Я с любовью смотрела в ее серые глаза, постепенно успокаиваясь. Мне хотелось ласкать ее, но она отстранилась.

  - Отдохни немного, любовь моя. - Ее улыбка была теплой и немного печальной.

  Я взяла ее руку и поцеловала тонкие пальцы. Дремота мягко окутывала меня, и я не могла сопротивляться. Мои глаза закрылись сами собой, и когда губы Констанцы коснулись моей щеки, я счастливо вздохнула. Пусть она тысячу раз безумна, но я хотела бы быть с ней... и умереть с ней вместе, если придется.

  Проснулась я, когда в библиотеке было уже совсем темно. Моя рука затекла, тело болело от неудобной позы. Разумеется, Констанцы рядом не оказалось. Что ж, она ушла, написав все письма, которые хотела скрыть от меня, и тайная сторона ее жизни по-прежнему останется для меня тайной. Я волновалась за нее даже больше, чем за себя. Вспоминая свою прежнюю жизнь, я не могла не признать, что никогда раньше не любила никого так сильно, как мою дорогую Констанцу. Разумеется, не она спасла меня от костра, но, в конце концов, я была жива во многом благодаря ей. Если бы нашелся тот отважный всадник, который увез меня из-под самого носа стражников... Я была бы признательна ему, но вряд ли эта признательность переросла бы во что-то большее. Он ведь только лишь мужчина...

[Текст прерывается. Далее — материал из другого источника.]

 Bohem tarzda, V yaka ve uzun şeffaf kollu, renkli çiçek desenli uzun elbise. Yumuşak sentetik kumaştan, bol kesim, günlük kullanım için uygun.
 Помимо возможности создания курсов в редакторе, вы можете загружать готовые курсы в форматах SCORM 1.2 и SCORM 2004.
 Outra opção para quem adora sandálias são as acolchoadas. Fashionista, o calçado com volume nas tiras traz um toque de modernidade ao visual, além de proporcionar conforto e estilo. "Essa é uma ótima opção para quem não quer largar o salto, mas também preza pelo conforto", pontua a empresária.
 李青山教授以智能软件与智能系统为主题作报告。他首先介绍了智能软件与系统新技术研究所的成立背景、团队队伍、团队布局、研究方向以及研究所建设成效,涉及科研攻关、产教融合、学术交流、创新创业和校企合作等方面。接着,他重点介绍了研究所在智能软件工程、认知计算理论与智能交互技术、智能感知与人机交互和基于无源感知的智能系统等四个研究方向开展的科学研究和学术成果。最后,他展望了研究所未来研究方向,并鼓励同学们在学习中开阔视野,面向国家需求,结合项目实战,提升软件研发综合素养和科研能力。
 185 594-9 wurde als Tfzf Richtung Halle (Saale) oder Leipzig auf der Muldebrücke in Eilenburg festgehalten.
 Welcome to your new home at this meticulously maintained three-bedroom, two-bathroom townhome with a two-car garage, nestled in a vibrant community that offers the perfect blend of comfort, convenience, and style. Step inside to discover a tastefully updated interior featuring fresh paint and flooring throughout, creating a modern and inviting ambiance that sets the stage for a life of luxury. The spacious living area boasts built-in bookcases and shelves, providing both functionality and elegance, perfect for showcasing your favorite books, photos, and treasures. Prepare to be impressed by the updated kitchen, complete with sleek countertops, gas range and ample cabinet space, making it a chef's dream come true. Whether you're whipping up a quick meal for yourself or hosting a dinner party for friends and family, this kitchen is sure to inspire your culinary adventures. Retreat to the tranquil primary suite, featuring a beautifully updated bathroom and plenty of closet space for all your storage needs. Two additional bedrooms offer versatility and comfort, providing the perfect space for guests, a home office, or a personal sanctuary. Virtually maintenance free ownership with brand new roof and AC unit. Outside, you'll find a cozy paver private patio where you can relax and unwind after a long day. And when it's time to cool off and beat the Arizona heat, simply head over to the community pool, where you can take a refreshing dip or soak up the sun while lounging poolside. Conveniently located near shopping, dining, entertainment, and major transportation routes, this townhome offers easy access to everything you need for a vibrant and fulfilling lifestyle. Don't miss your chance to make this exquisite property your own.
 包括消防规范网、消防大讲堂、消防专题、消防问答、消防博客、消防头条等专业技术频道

  Тишина, стоявшая в библиотеке, казалась жутковатой, хотя помещение было небольшим, и все звуки тонули в пыльных рядах томов и свитков, громоздящихся на полках. Я впервые оказалась здесь одна в темноте, и почему-то очень боялась, что могу наступить на мышь или ненароком опрокинуть что-нибудь на пол. Оказавшись за дверью, я с облегчением перевела дух и направилась по освещенному факелами коридору к лестнице, ведущей во внутренний двор. Две монахини окапывали кусты роз, и я окликнула их, поинтересовавшись, не видели ли они настоятельницу. Оказалось, что Констанца не приходила к вечерней службе, да и на трапезу не явилась. Смутное беспокойство, зародившееся в моей душе, переросло в настоящую тревогу. Почти бегом добравшись до ворот, я заглянула в каморку привратницы.

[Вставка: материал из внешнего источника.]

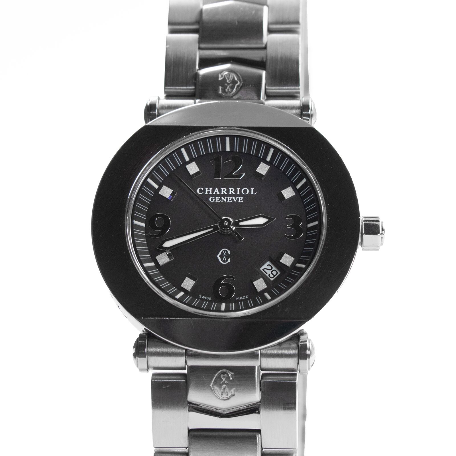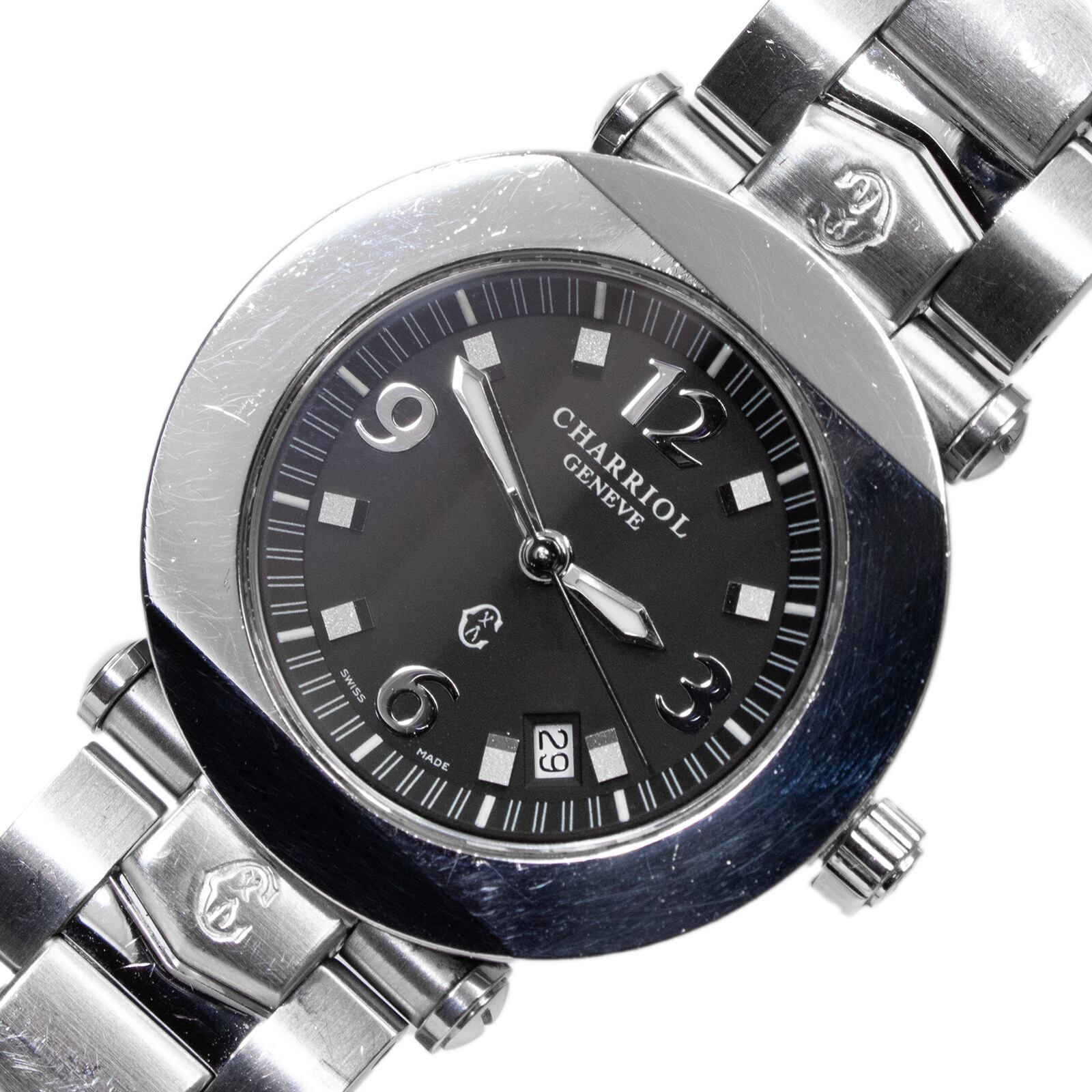送料無料 シャリオール 腕時計 レディース コロンブス 黒 ブラック Cロゴ マーク シンプル ブランド 珍しい レアカラー スイス製 綺麗 X206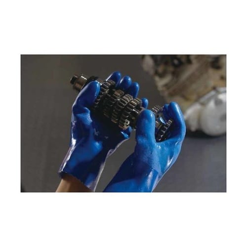3重コーティングで耐久性に優れています。ガソリン、切削油などを使用する作業ですぐれた耐油性を発揮します。独自の特殊すべり止め加工を施し、濡れた状態でも高いすべり止め効果を発揮します。手によくなじみ、耐 |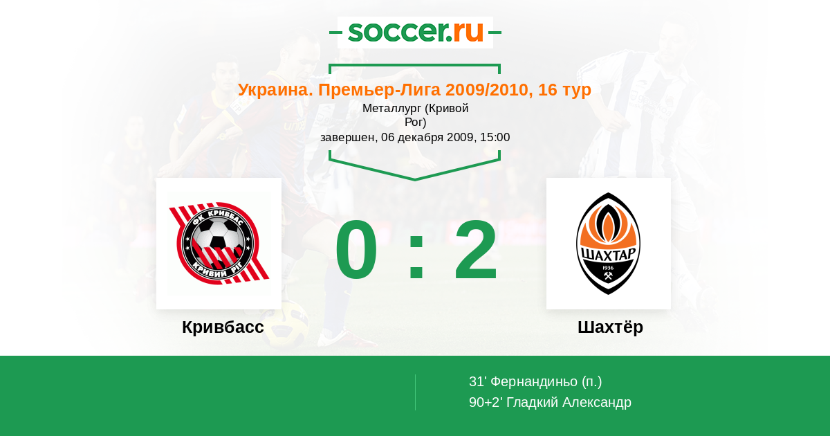 31' Гол с пенальтиЛоготип ШахтёрФернандиньо (п) - 0:1 (П)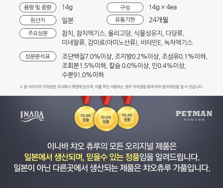 | 품명 및 모델명 | 이나바 챠오츄르 | 인증사항 | 상세내용참조 |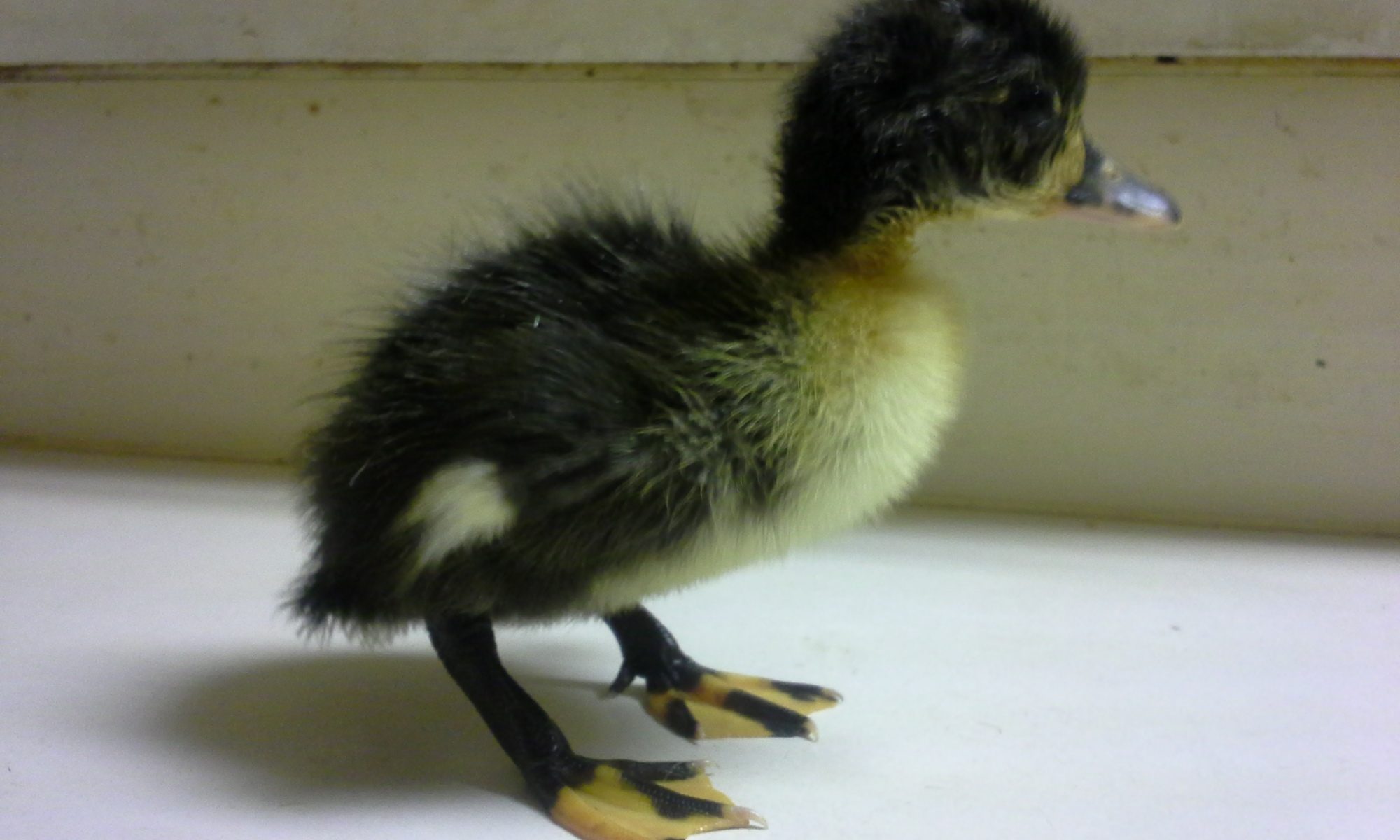 The healthy first duckling is actually sitting on my shoulder now, but it keeps nipping at me.

  - Сестра Мария, я ищу мать настоятельницу.

  - Она будет только завтра к обеду.

  - Она не сказала, куда поехала?

  Высокая и полноватая сестра Мария повела широкими плечами и с сомнением посмотрела на меня.

  - Если она тебе не сказала, почему я должна?

  - Но ведь тебе это известно, правда? Пожалуйста, скажи мне...

  - Она предупреждала, что ты будешь спрашивать.

  - И?...

  - Ну хорошо. Она уехала в Монтичелли по делам.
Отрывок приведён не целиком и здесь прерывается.